C++11 vector performance issue (with code example)

Question

I notice that vector is much slower than bool array when running the following code.

int main() 
{
    int count = 0;
    int n = 1500000;
    // slower with c++ vector<bool>
    /*vector<bool> isPrime;
    isPrime.reserve(n);
    isPrime.assign(n, true);
    */
    // faster with bool array 
    bool* isPrime = new bool[n];

    for (int i = 0; i < n; ++i)
        isPrime[i] = true;


    for (int i = 2; i< n; ++i) {
        if (isPrime[i])
            count++;
        for (int j =2; i*j < n; ++j )
            isPrime[i*j] = false;
    }

    cout <<  count << endl;
    return 0;
}

Is there some way that I can do to make vector<bool> faster ? Btw, both std::vector::push_back and std::vector::emplace_back are even slower than std::vector::assign.

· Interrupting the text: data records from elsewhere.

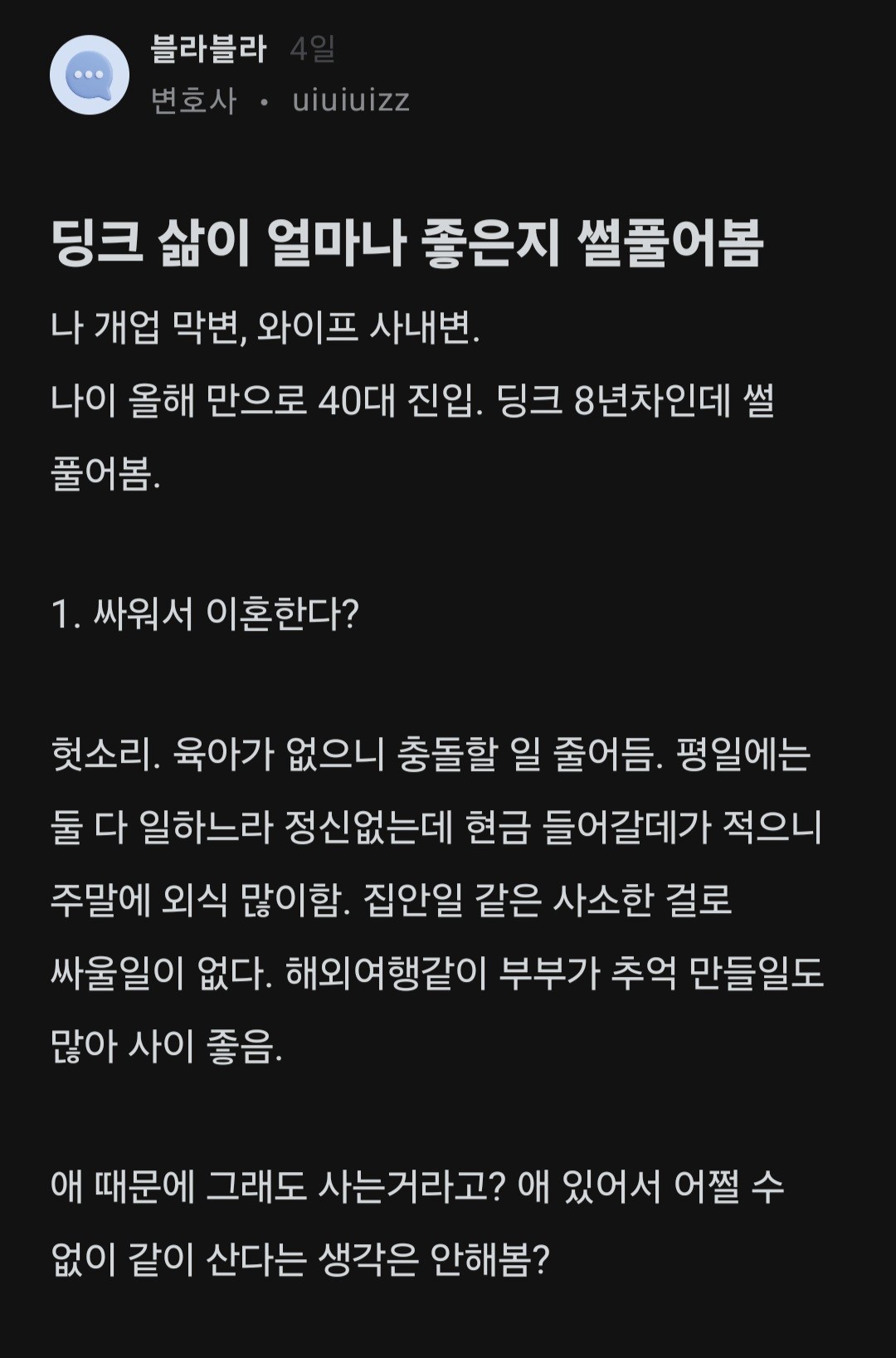 딩크족이 얼마나 좋은지 썰풀어 봄
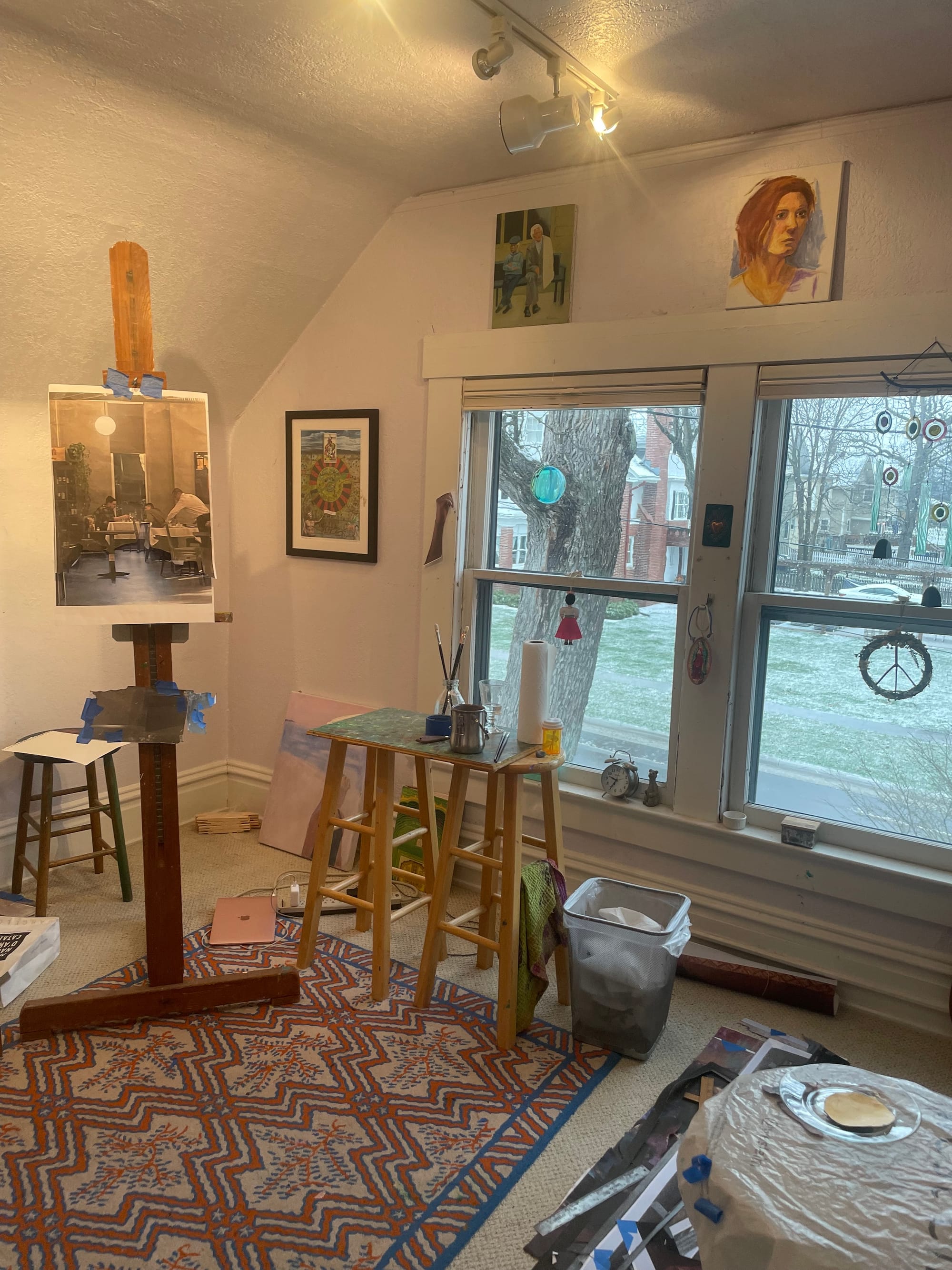 I love my studio, going from organized to chaos, depending on what stage of the painting I am inhabiting, sometimes even stepping on reference photos and rulers during my session. I look out of the north windows and see the change of seasons following the light and shadows.
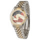 The watch is very nice, the picture is great and the watch looks like quality. The only problem I am having with it is that it is a little too large, and I also can't figure out how to open the clasp. No directions came with it. Very good. The printing is perfect and the watch keeps good time.
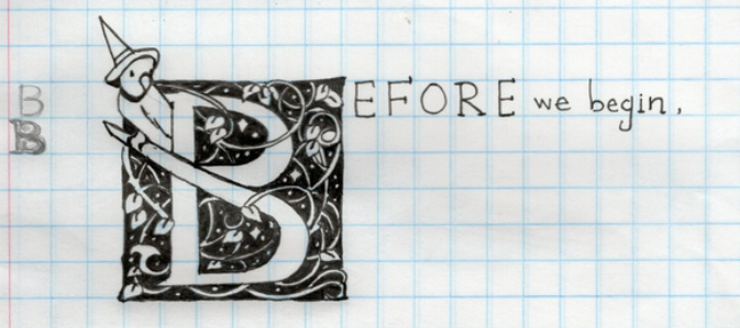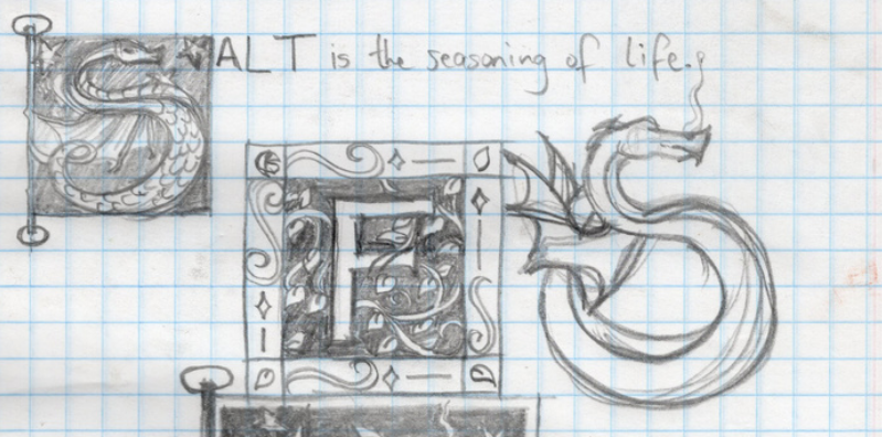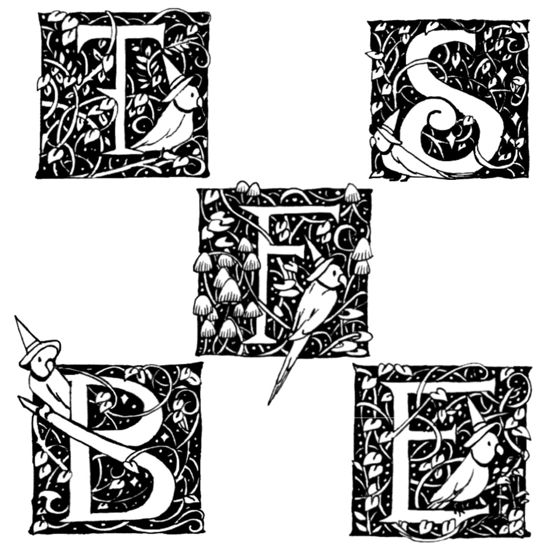 I scrapped a few first attempts until I finally landed on a design I liked, one of my inspirations being an artist named Florence Harrison. Another inspiration was the classic medieval style drop cap, one that you'd find in fairytale books and other old fantasy books. Here I was drawn by the small symbols that enhance the meaning of the text - instead of a large full-blown illustration, small symbols could still tell a story.
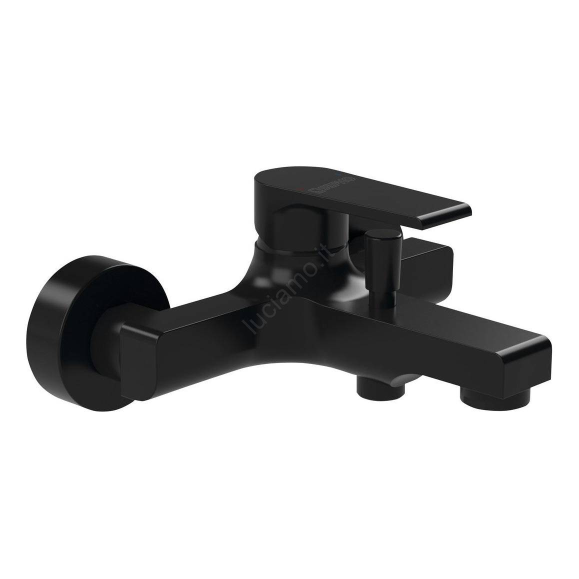 • Questo miscelatore per vasca ha un corpo cilindrico e una bocca squadrata.
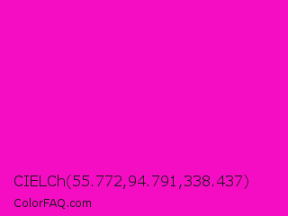 CIELCh 55.772,94.791,338.437 Color is a normal magenta color and the nearest color is Shocking Pink #fc0fc0. Hex code #f50dc4 and RGB value is rgb(245,13,196). In RGB color space, this color is composed of 96% red, 5% green, 77% blue, In CMYK color space, this color is composed of 0% cyan, 95% magenta, 20% yellow , 4% black , In HSL color space, this color has a hue angle of 313° , 92% saturation and 51% lightness.
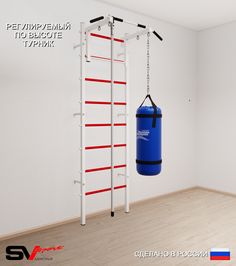КОМПЛЕКТАЦИЯ: Шведская стенка Sv Sport усиленная (профиль вертикальных стоек 60 х 40 х 2 мм), Турник Sv Sport стандарт к ШС, Kанат, Цепь удлинитель 90см, Мешок боксерский 22кг.
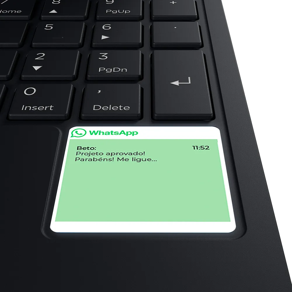 • MiniTela integrada: Visualize notificações do WhatsApp, lembretes, status do dispositivo, previsão do tempo e imagens/GIFs sem interromper seu trabalho;
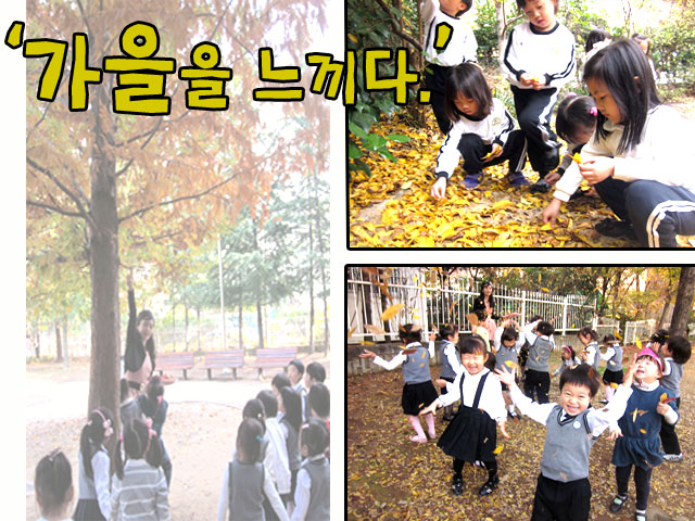 아이들은 나무 색의 변화를 통해 가을이 왔음을 눈으로 느낍니다.
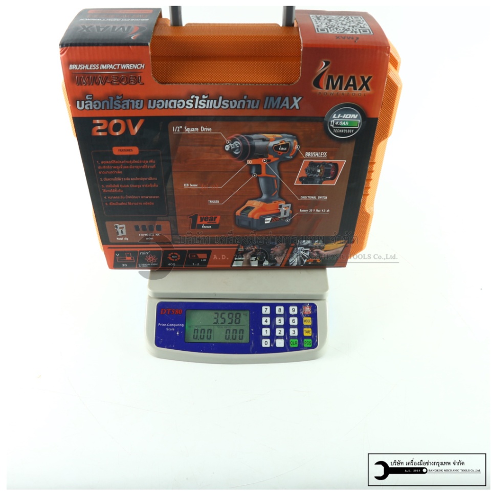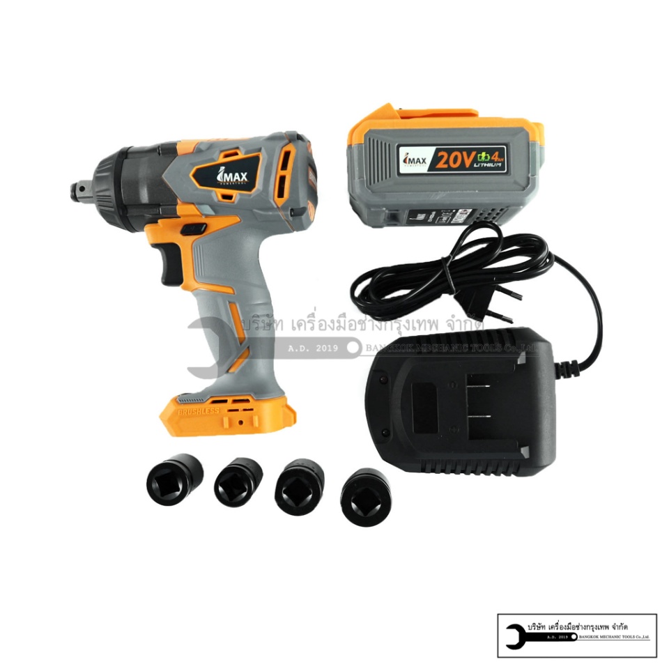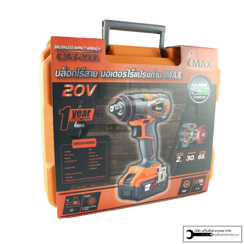 IMAX บล็อกไร้สายมอเตอร์ไร้แปลงถ่าน 20v 4Ah แรงบิด 400N.m รุ่น IMIW-20BL
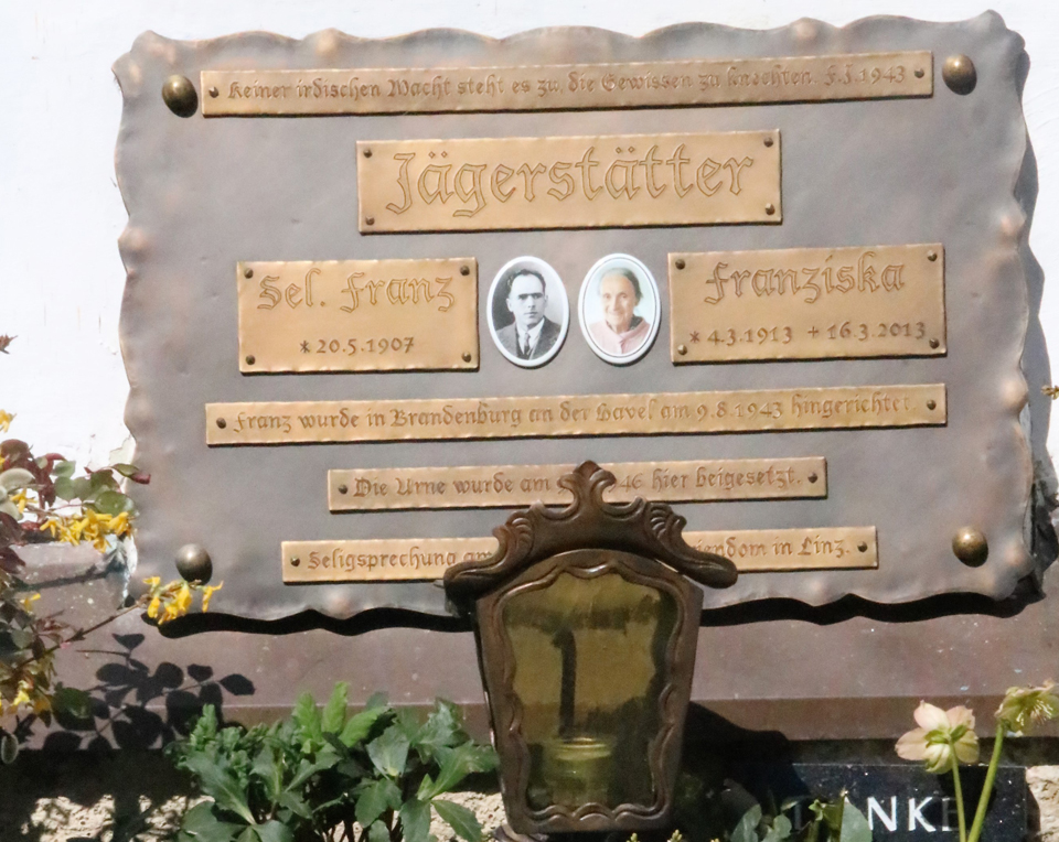 1940 wird Jägerstätter zum Militärdienst einberufen, auf Betreiben seiner Heimatgemeinde aber zweimal als unabkömmlich eingestuft. Einer weiteren Aufforderung will er nicht mehr Folge leisten und sucht, um seine Entscheidung zu bekräftigen, das Gespräch mit Priestern, die ihn von seinem Vorhaben abbringen wollen. Seine Frau Franziska hofft zwar noch auf einen Ausweg, trägt aber seinen Entschluss mit, weil es, wie sie später einmal sagte, sonst keiner getan hätte. Nach der erneuten Einberufung meldet sich Franz Jägerstätter im März 1943 bei seiner Stammkompanie in Enns, erklärt aber sofort, dass er den Wehrdienst mit der Waffe aufgrund seiner religiösen Einstellung und dem festen Willen, nicht zu töten, ablehne. Sofort wird er verhaftet und am 6. Juli 1943 vom Reichskriegsgericht in Berlin-Charlottenburg wegen «Wehrkraftzersetzung » zum Tode verurteilt. In einer seiner letzten Aufzeichnungen schreibt Jägerstätter: «Wenn ich (die Worte) auch mit gefesselten Händen schreibe, aber immer noch besser, als wenn der Wille gefesselt wäre.» Am 9. August wird das Urteil gegen ihn vollstreckt und er wird mit dem Fallbeil hingerichtet. Das Schicksal Jägerstätters bleibt lange unbekannt. Franziska Jägerstätter ist nach dem Krieg Anfeindungen und Benachteiligungen ausgesetzt, auch eine Witwenpension wird ihr verwehrt. Erst in den 1990er- Jahren setzt ein Umdenken ein, 1997 hebt das Landesgericht Berlin das Urteil gegen Jägerstätter auf und die katholische Kirche eröffnet ein Seligsprechungs-Verfahren. 2007 wird er im Mariendom in Linz selig - gesprochen, in Anwesenheit seiner Witwe und seiner vier Töchter.
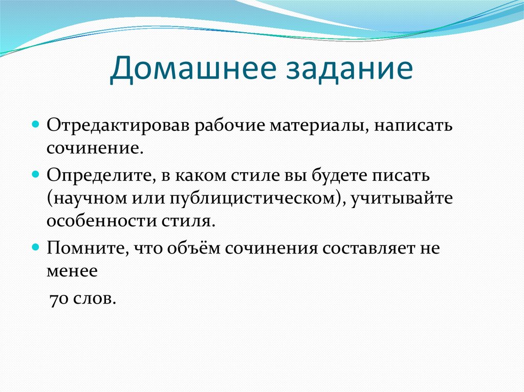 Домашнее заданиеОтредактировав рабочие материалы, написать

you are accessing `isPrime` beyond its end, it should be `new bool[n]` — Karsten Koop, Apr 29 '16 at 07:55
Don't use `vector` if you're super-concerned about performance. It's required by the standard to be very space efficient, and that has a performance cost. — David Schwartz, Apr 29 '16 at 07:59
How much of a slowdown are you talking about? You might want to add some timing examples to make this question more appealing. — anderas, Apr 29 '16 at 07:59

manlio · Answer 1 · 2016-05-03T17:26:54.033

16

std::vector<bool> can have various performance issues (e.g. take a look at https://isocpp.org/blog/2012/11/on-vectorbool).

In general you can:

use std::vector<std::uint8_t> instead of std::vector<bool> (give a try to std::valarray<bool> also).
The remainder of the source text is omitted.